Just for fun I have create an horrible patch to manage the mismatch, adding a control on the parameter name.

 

Obviously that should be something different like an attribute of the my_option object that indicate if the option is a quantity an identifier or whatever else, then on that base decide what to do.

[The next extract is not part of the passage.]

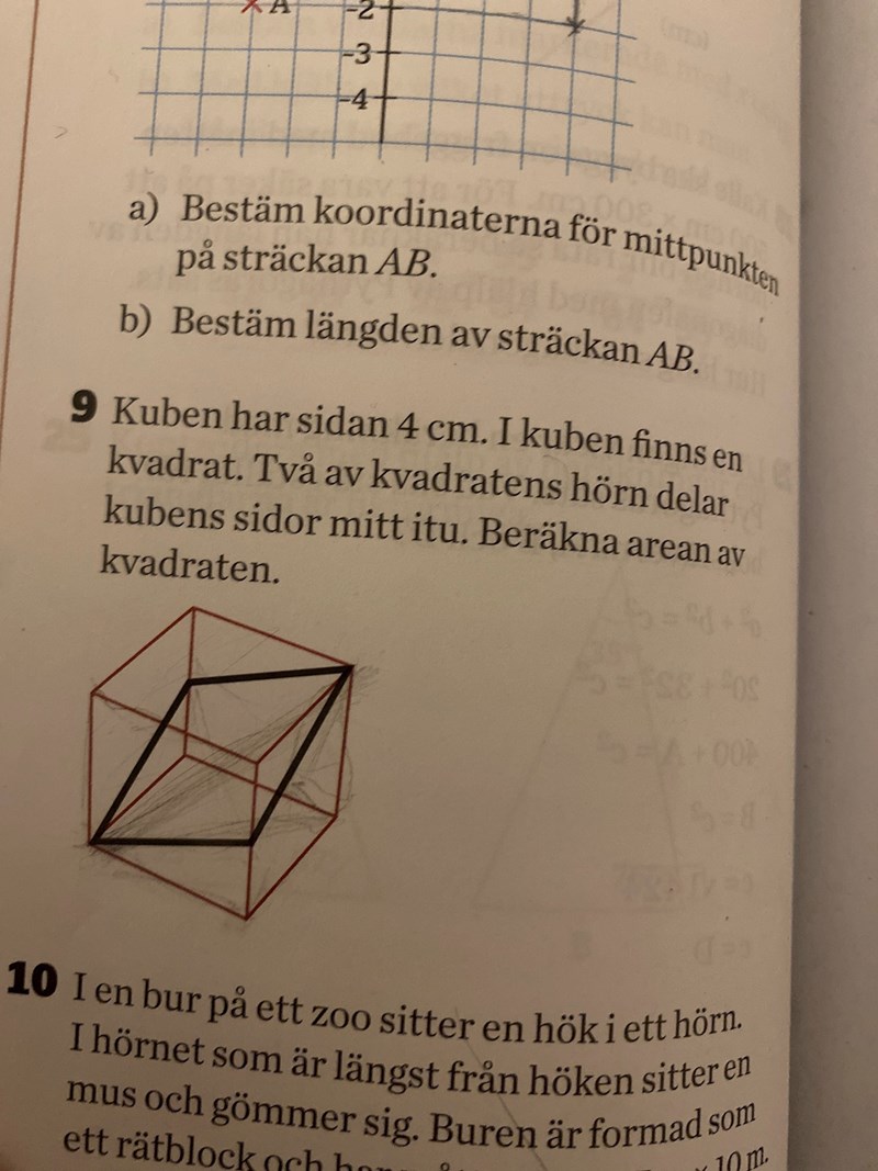 Jag har gjort såhär. För att räkna ut rymddiagonalen (hypotenusan) i kvadraten måste jag först räkna ut ena kvatetern som är botten på kuben. Den är jag till en triangel och därför använder jag phytagoras sats 4^2 + 4^2 = 32

Any how also a stupid and horrible things like the check on the name is better then not having it at all:

 

1
2
3
4
5
6
7
8
9
10
11
12
13
14
15
16
17
18
19
20
21
22
23
24
25
26
27
28
29
30
31
32
33
34
35
36
37
38
39
ulonglong getopt_ull_limit_value(ulonglong num, const struct my_option *optp,
                                 my_bool *fix)
{
  my_bool adjusted= FALSE;
  ulonglong old= num;
  char buf1[255], buf2[255];
  const ulonglong max_of_type=
    max_of_int_range(optp->var_type & GET_TYPE_MASK);
 
	char string1[255], string2[255];
	int result;
	string1=optp->name;
	string2="server_id";
	scanf("%s",string1[10]);
	scanf("%s",string2[10]);
	int chlimit = 255;
	result = strncmp(string1,string2,chlimit);
 
 
 
  if ((ulonglong) num > (ulonglong) optp->max_value &&
      optp->max_value) /* if max value is not set -> no upper limit */
  {
    num= (ulonglong) optp->max_value;
    adjusted= TRUE;
    if(result == 0){
           my_getopt_error_reporter(ERROR_LEVEL,
           "option '%s': unsigned value %s CANNOT BE adjusted to %s please review your settings, and start MySQL again",
           optp->name, llstr(old, buf1), llstr(num, buf2));
           exit(1);
 
    }
  }
  if (num > max_of_type)
  {
    num= max_of_type;
    adjusted= TRUE;
  }
 

 

Running the server with the fix, I will finally had a consisten behaviour, and my favorite MySQL server doing the right thing:

 

131029 13:38:03 mysqld_safe mysqld from pid file /home/mysql/instances/csite3/mysql.pid ended
131029 13:41:11 mysqld_safe Starting mysqld daemon with databases from /home/mysql/instances/csite3/data
2013-10-29 13:41:11 0 [ERROR] 'option server_id' unsigned value 192168075510 CANNOT BE adjusted to 4294967295 please review your settings, and start MySQL again
131029 13:41:12 mysqld_safe mysqld from pid file /home/mysql/instances/csite3/mysql.pid ended

 

 

 

 

Conclusion

From a stupid action it could come out something interesting, at least for me.

I would like to classify this as bug, but given it is a conceptual thing may be is more a what? Feature request? Logic fix?

 

Finally my conclusion is that MySQL is a great product, but is growing fast and sometimes things are left behind, this is a small but possible dangerous one.